Talk of economic reform is all the go in France. The good news is that, following a report commissioned by the government on reforming retirement provisions, President Francois Hollande wants to close the gap between the special perks and privileges public servants receive over those in the private sector. Even better news is that 56% of the public agree.

However, one little shadow on these good intentions is that in the same survey, fully 66% of this same public has absolutely no confidence Hollande will be able to do it!

The biggest single difference between the public and private sectors is that for those employed by the state, retirement income is based on the last six months of earnings, whereas in the private it is based on an average of the best 25 years of earnings. Hollande wants to bring the public sector back to the last ten years of salary. Then there are the “special classes” of privilege, such as train drivers, who retire at 51, or State Electricity [EDF] employees whose average  annual retirement income is double that of the private sector.

The really bad news is that the unions in all public sectors, electricity, railways, aviation, shipping, public service — you name it — are threatening war to defeat any effort to eat away at these already acquired privileges. However, for the government, the minimum reform necessary to bridge the deficit gap on financing all retirement schemes is around 25 billion euros a year.

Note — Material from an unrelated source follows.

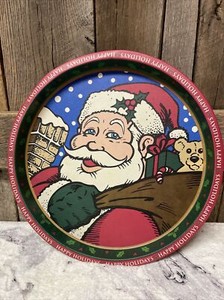 Vintage Santa Cookie Treat Candy Serving Tray Tin Santa & Sack Of Toys RARE FIND
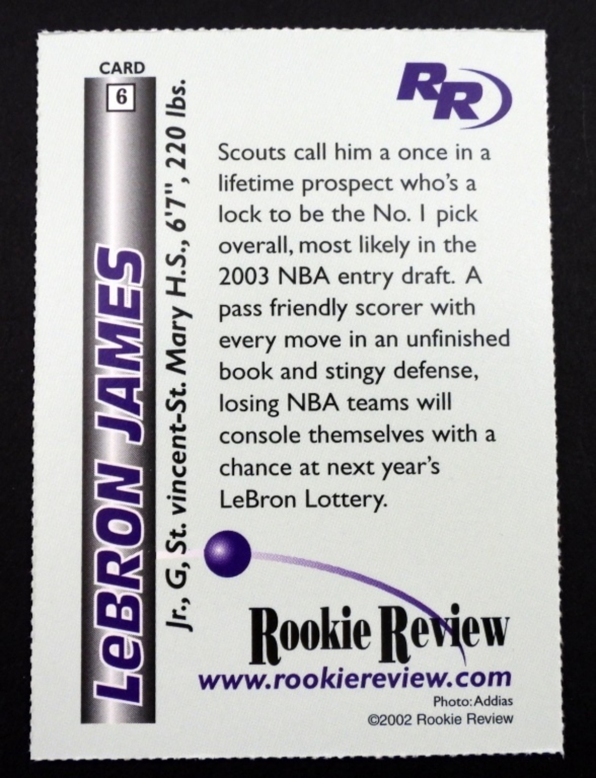 2002 LEBRON JAMES ROOKIE REVIEW HIGH SCHOL CARD RC MINT SHARP

The problem does not stop there. Real political will will be needed to break down the way the public service ferociously guards its closed-shop privileges, from the top right down to the very local commune level. The French "lack any objective analysis of public policy over the last several decades," says Laurent Bigorgne of the think tank Institut Montaigne. "As most public policy has been corrupted and then captured by those who benefit directly, nobody has any interest in change.” For instance, over 30 billion euros are sunk each year into arrangements between the unions and management for “professional development” in a  completely opaque system of mutually beneficial rip-offs.

Then there is the problem of decentralization. Inevitably, this has multiplied the levels of decision-making. At the local level, there has been an explosion of jobs and subsidies, with no chance of hauling back and reviewing this largesse. In a recent report, it is estimated that over half a million jobs were created at the local level between 2000 and 2010. The President’s lack of appetite for reform was reflected in a comment he made at the 2012 Avignon Festival, where he spoke glowingly of the generous subsidies lavished on casual “arts” workers who receive 243 days of unemployment benefits for 507 hours of work. He explained that casuals were “a pillar of the exception culturelle francaise”.

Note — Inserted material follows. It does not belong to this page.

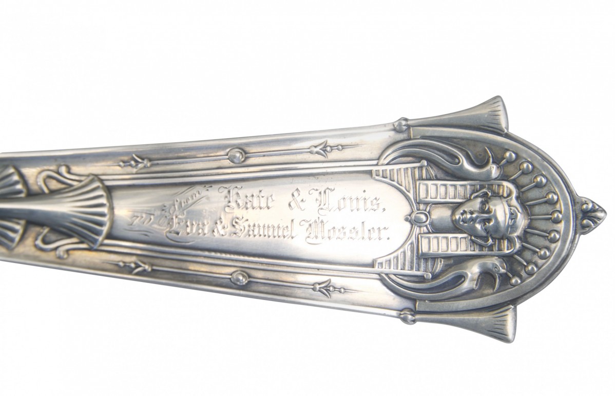 Set of 9 various English Arts & Crafts Egyptian Revival sterling silver spoons with sphinx head & fan design (ladle, cake knife, 7 various small spoons) marked B. F. Norris & Co-1872)

To top it off, the bloody mindedness of the unions, especially with a weak President, cannot be underestimated.

Christian Grolier, head of Force Ouvriere, a public service sector union, has declared of the six-month rule, This is a casus belli! …One week’s blockage of the country will be effective in balancing the power in our favour.” Vowed another unionist, “We will not negotiate!”

Jacques Attali, who worked for years in the socialist government of Francois Mitterand, but who recently served on Nicholas Sarkozy’s “transpartisan” commission to free up the French economy, ominously warned in his recent book Urgences Francaises, “As far as one can see looking back, France has never reformed; it just has occasional revolutions.”

As some observers of the unions’ militancy are warning, it seems a hot summer is in the offing, and quite likely a difficult start to the new year as well.